Analysing pathogen genetic diversity and relationships between and within hosts at once, in windows along the genome.
phyloscanner's input is bam files: reads (fragments of nucleotide sequence) that have been mapped (aligned) to the correct part of some reference genome. We wrote phyloscanner to analyse bam files that each represent a pathogen population in one host, exhibiting within-host and between-host diversity; in general use each bam file should be a sample representing some subpopulation, and we analyse within- and between-sample diversity.
phyloscanner is freely available under the GNU General Public License version 3, described here.
phyloscanner runs natively on Linux and Mac OS, but not Windows.
However on any operating system (including Windows), if you have VirtualBox installed, you can run this image of Linux Ubuntu 16.04 which contains phyloscanner v1.1.2.
To make phylogenies from mapped reads, phyloscanner requires samtools, pysam (0.8.1 or later), biopython, mafft and RAxML; notes on installing these are here.
To analyse these phylogenies, or your own provided as input, phyloscanner needs some R packages; notes on installing these are here.
Info and help:
- The phyloscanner preprint, discussing the method and its scientific context, is here.

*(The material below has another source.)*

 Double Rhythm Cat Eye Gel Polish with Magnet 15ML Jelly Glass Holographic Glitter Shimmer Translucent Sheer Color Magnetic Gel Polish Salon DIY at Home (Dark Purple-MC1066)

- The code's manual is here.
- Instructions and example data for a practical on using phyloscanner are here.
- Problem with the code? Create a New Issue.
- Query? Ask it publicly at the google group.

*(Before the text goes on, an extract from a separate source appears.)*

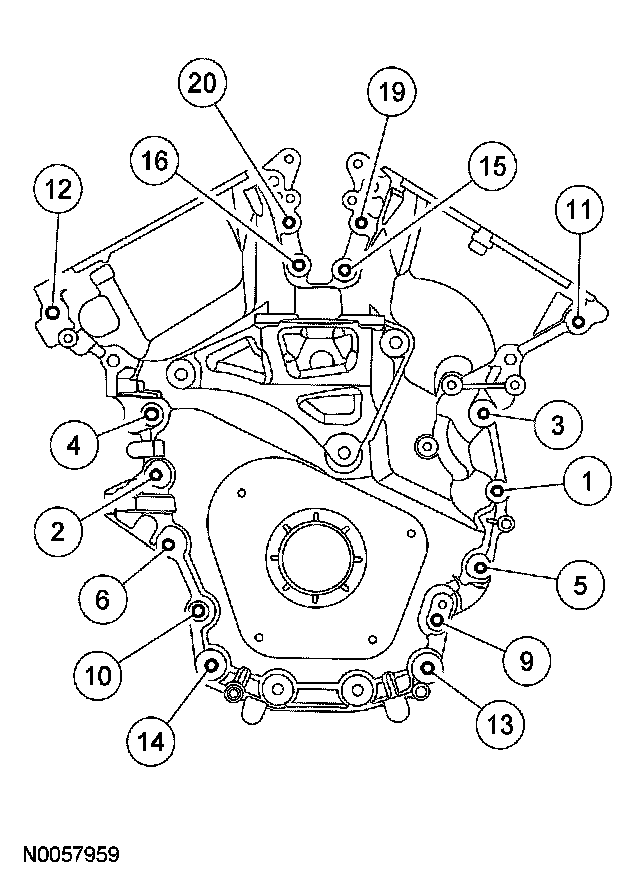NOTE: The remainder of the engine front cover bolts (1, 2, 3, 4, 5, 6, 9, 10, 11, 12, 13, 14, 15, 16, 19 and 20) must be installed and tightened within 60 minutes of the initial sealant application.

If you use phyloscanner for published work, please cite it and the tools it uses, details here.
The simulated bam files in ExampleInputData illustrate interesting within- and between-host diversity.
Let's analyse them with phyloscanner.
For this example I'll assume you've downloaded the phyloscanner code to your home directory, i.e. that its found in ~/phyloscanner/
.
First we need to make a file listing the files we want analysed; that file should be comma-separated variable format, containing lines like this: BamFile1,ReferenceFile1,ID1
where the third field is optional (if present it is used as an ID for that bam file).
You can make that csv file manually if you like, but here is an example of making it automatically from the command line for these bam files:
for i in ~/phyloscanner/ExampleInputData/*.bam; do
RefFile=${i%.bam}_ref.fasta;
echo $i,$RefFile
done > InputFileList.csv
To make some within- & between-host phylogenies, run this command from the directory where your local copy of this code repostory lives (or adjusting paths appropriately if run from another directory):
~/phyloscanner/phyloscanner_make_trees.py InputFileList.csv --auto-window-params 300,-700,1000,8300 --alignment-of-other-refs ~/phyloscanner/InfoAndInputs/2refs_HXB2_C.BW.fasta --pairwise-align-to B.FR.83.HXB2_LAI_IIIB_BRU.K03455
(Those window parameters make best use of this simulated data, the -A
option includes an alignment of extra reference sequences along with the reads, see the manual for the --pairwise-align-to
option.)
Now let's analyse those phylogenies:
~/phyloscanner/phyloscanner_analyse_trees.R RAxMLfiles/RAxML_bestTree. MyOutput s,20 --outgroupName C.BW.00.00BW07621.AF443088 --multifurcationThreshold g
In the output you'll see trees and summary information indicating that these samples constitute:
- a straightforward, singly infected individual,
- a dually infected individual i.e. infected by two distinct strains of virus,
- a contamination pair (one contaminating the other), and
- a pair exhibiting ancestry, i.e. one having evolved from the other. For populations of pathogens, this implies transmission, either indirectly (via unsampled intermediate patients) or directly.
Here is one of the trees from the output. Each patient has many sequences (reads), with one colour per patient. Extra reference sequences are coloured black. Can you see why each of the patients merits their label?
(These bam files were generated by taking HIV sequences from the LANL HIV database, using them as starting points for evolution simulated with SeqGen and calibrated to our own real data on within-host diversity. Reads were then generated in eight windows of the genome, instead of all along the genome, purely to keep file sizes nice and small while remaining an interesting example.)
I've only got raw reads fresh off the sequencing machine, not mapped reads. Any recommendations on how to map?
Why yes! For HIV at least, try shiver. We discussed here problems and solutions for mapping well in general.